Foreign investment in an Indian company can be done in the following ways, permitted by the Foreign Exchange Management Regulations:

  • As an integrated entity by incorporating a company under the Companies Act, 1956 through
  • Joint ventures; or
  • Wholly owned subsidiaries
  • As an office of a foreign entity through
  • Liaison Office / Representative Office
  • Project Office
  • Branch Office

As a seasoned expert in the field of foreign direct investment (FDI) and its implications on economic growth, I bring forth a wealth of knowledge and hands-on experience to shed light on the topic at hand. My expertise is grounded in a comprehensive understanding of the historical context, regulatory frameworks, and the multifaceted impact of FDI on national economies.

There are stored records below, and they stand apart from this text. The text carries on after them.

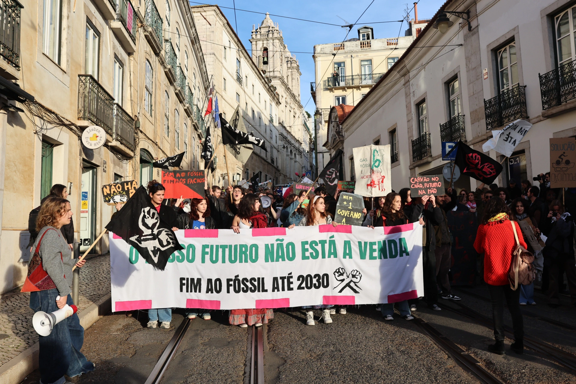 A manifestação, organizada por um coletivo que inclui a Greve Climática Estudantil e a Climáximo, tem lugar depois de uma semana de protestos estudantis que reivindicaram o fim ao fóssil e em que escolas foram fechadas pelos estudantes.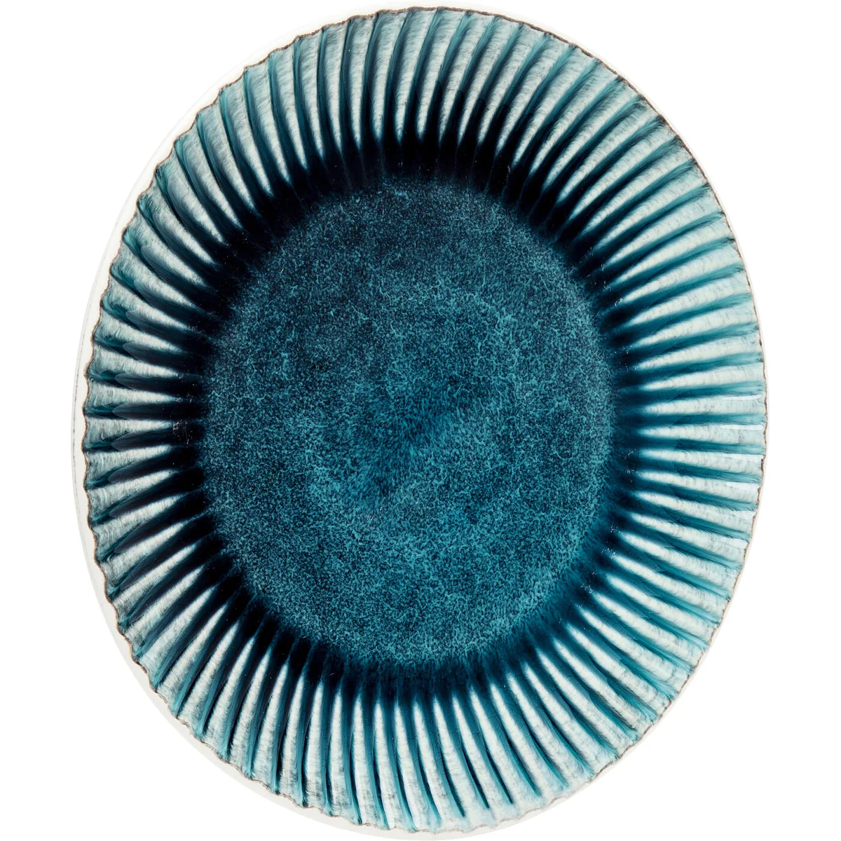 With a diameter of 29cm, this plate is constructed from high-quality stoneware glazed for a glossy finish. The unique rim design adds a touch of class, while the striking blue color can complement any table setting.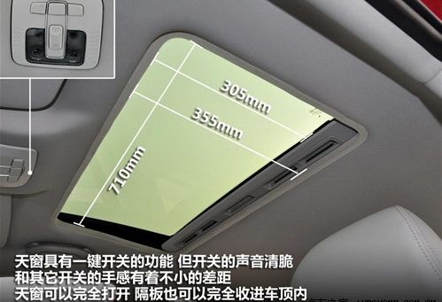 天窗具有一键开启和关闭功能,但是操作开关的声音太清脆了,和其它按键有着很鲜明的对比,质感上让人感觉到有着不小的差距,希望这部分能够加以改进。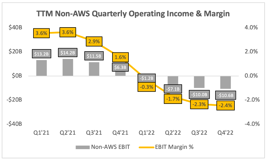 Amazon’s story over the past year or two has been all about how brilliant AWS has performed, delivering rapid growth and margin expansion that has helped to drive Amazon to new heights. This became even more apparent in 2022, as Amazon’s non-AWS business burned through cash and it was only the profits of AWS that kept Amazon in the green.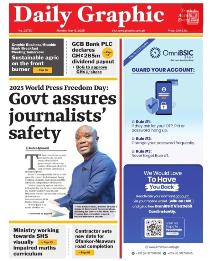 Newspaper headlines: Monday, May 5, 2025 Newspaper Headlines May 5, 2025 6:59 am - Audio By Carbonatix FacebookWhatsAppTwitterTelegramEmailPinterestPrint Previous articleHarry’s emotional avalanche hits the Royal FamilyNext articleUgandan UN judge jailed in Britain for more than six years for forced labour offence RELATED ARTICLES Politics Ken Agyapong lacks temperament for presidency, he can beat up a cabinet minister – Atta Akyea Local News Ato Forson sets record in paying contractors – Roads Minister Agbodza Education Education Ministry announces payment of outstanding teacher allowances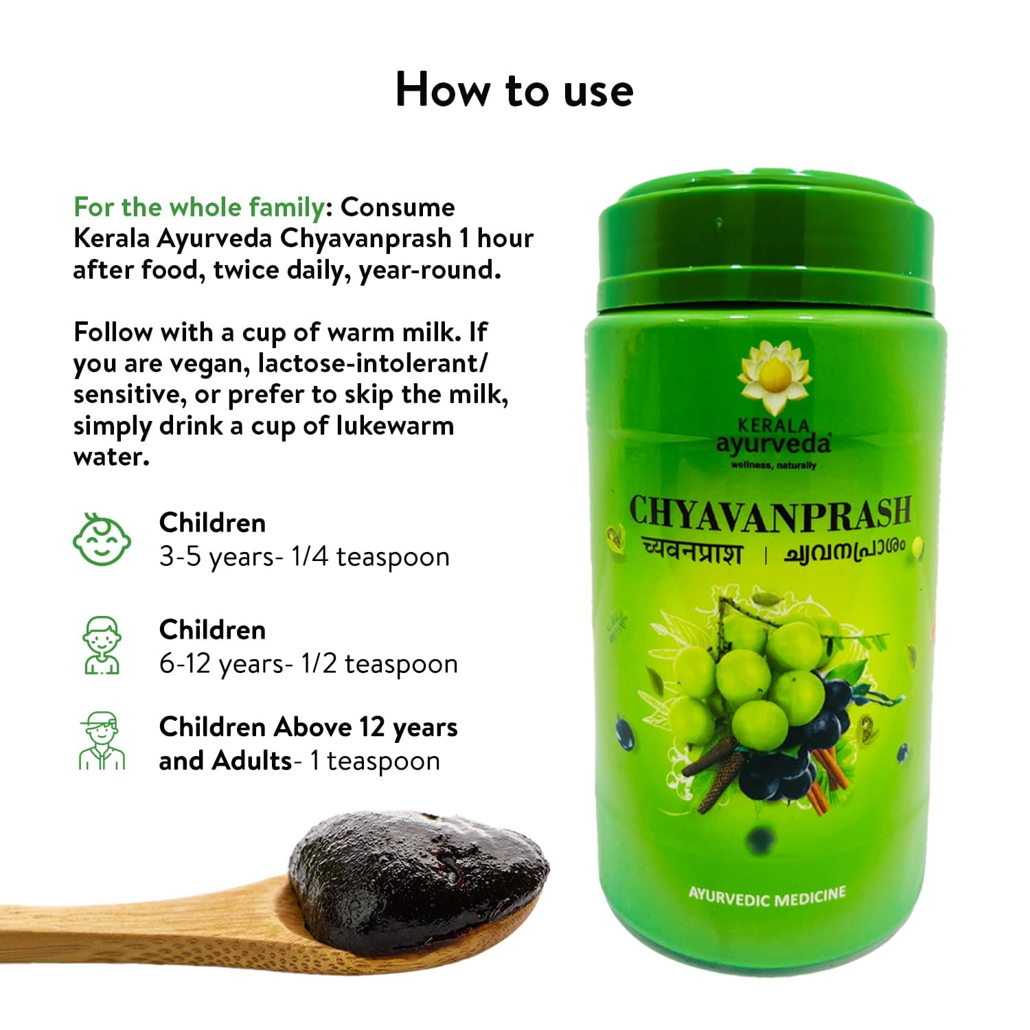 YEAR ROUND USAGE Kerala Ayurveda Chyawanprash 800 grams is suitable for daily consumption by the entire family. Best enjoyed after a meal with milk or lukewarm water this organic chyawanprash enhances immunity and overall health perfect for kids adults an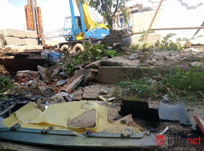 8 khối bê tông chất chồng ở khu vực cầu Chợ Đệm bị đổ sập xuống làm nát vụn 4 xe máy, khiến nhiều người dân gần đó hoảng sợ.
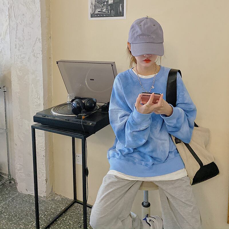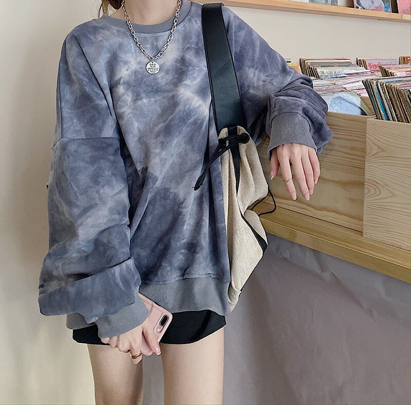 【韓国通販 dgo】タイダイ柄プルオーバー 2colors ブルー/ブラック(W1805)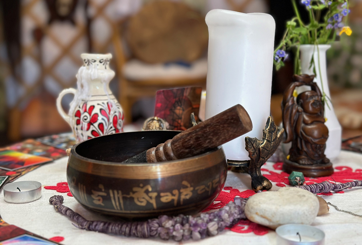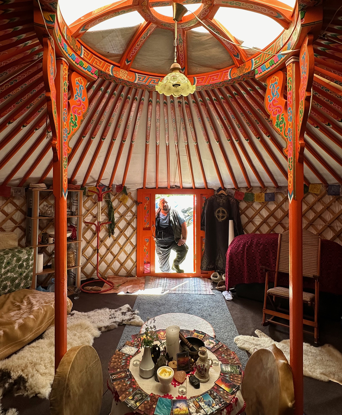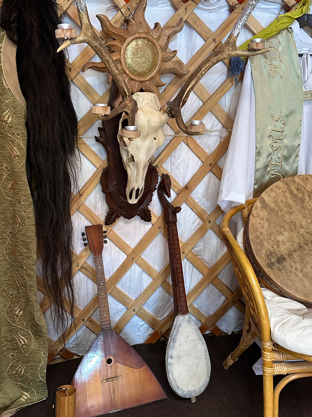 – A jurta Ázsiában a mai napig lakóházként szolgál, főleg a nomád életet folytatóknál, ahol fontos, hogy gyorsan tovább tudjanak állni abban az esetben, ha új legelőket keresnek. Ezek ugyanazok a jurták, csak mi nem folytatunk vándorló életmódot, ezért arra törekszünk, hogy jól szigeteljük, hisz itt másak az éghajlati viszonyok. Lehet itthon is benne élni, teljesen más érzés, mint a ház, hisz a jurtának spirituális energiája van. Van néhány szabály, amit figyelembe kell venni, például a tájolását: az ajtó kelet felé kell nézzen, vannak íratlan szabályok arra is, hogy hogyan közlekedjünk a jurtában, mindig balról jobbra, a középen álló istenes fák között sosem megyünk át, mert az a kapcsolat az ég és a föld között. A tündök felül van, nyitható, ott áramlik be az energia, és ott megy ki a füst, ha tüzelünk. Érdekes szimbólum a körbezárt, egyenlő szárú kereszt, amely akár a négy évszakot, a négy égtájat is szimbolizálhatja. Főleg a természetközeli népek ünnepeiket évszakokhoz, illetve a napfordulókhoz kötötték. Nyári időszakban oda helyezzük el az oltárt. Őseink oltárán egy hétagancsú szarvasfej volt, az én trófeámon is épp hét agancs volt, így ez került az oltárra – tudunk meg néhány információt a berendezésről.

The introduction of FDI in India serves as a pivotal point in the country's economic history, and I can unequivocally state that it was Dr. Manmohan Singh, the then finance minister, who played a seminal role in initiating FDI in India in 1991 under the Foreign Exchange Management Act (FEMA). The timing of this introduction coincided with a broader shift in India's economic policies, moving towards liberalization and opening up to the global market.

Foreign direct equity inflows, a cornerstone of FDI, have proven to be significant drivers of economic growth. The preference for FDI over other forms of external finance is underscored by its non-debt nature, non-volatile characteristics, and the direct correlation between returns and the performance of projects financed by foreign investors.

The multifaceted benefits of FDI in India are evident, extending beyond economic growth. FDI facilitates the infusion of new technology, managerial expertise, novel ideas, skills, knowledge, increased employment opportunities, and improved infrastructure—a transformative force that contributes to the overall development of the host country.

Today, India stands as a prominent destination for foreign direct investment, with key sectors such as telecommunications, construction activities, and computer software and hardware attracting substantial overseas investments. To understand the dynamics of FDI, it's essential to grasp the different types of FDI, including horizontal FDI, vertical FDI, and platform FDI, each with its distinct characteristics and implications.

Horizontal FDI involves replicating a firm's home country business activities in the same value chain in the host country. On the other hand, vertical FDI occurs when a company, through FDI, moves upstream or downstream in varied value chains. Platform FDI, meanwhile, takes place when FDI from one country is conducted with the purpose of exporting to a third country.

Understanding the mechanisms through which foreign direct investors acquire influence in a host country is crucial. This can be achieved through methods such as establishing fully owned subsidiaries, obtaining shares in associated companies, mergers or acquisitions of unrelated firms, or participating in equity joint ventures.

Delving into the regulatory landscape, it's important to note that India has undergone significant changes in FDI policies over the years. In 1997, FDI was permitted in cash and carry wholesale, requiring government approval. However, in 2006, the approval process was streamlined, with automatic permission being implemented, reflecting a more liberalized approach.

Foreign investment in Indian companies can take various forms, including incorporation under the Companies Act, 1956, joint ventures, wholly owned subsidiaries, or the establishment of offices of foreign entities through liaison offices, representative offices, project offices, or branch offices—each option tailored to specific business needs and regulatory requirements outlined by the Foreign Exchange Management Regulations.

In conclusion, my extensive knowledge and expertise provide a comprehensive understanding of the intricacies surrounding the introduction and evolution of FDI in India, its impact on economic growth, and the regulatory frameworks governing foreign investments in the country.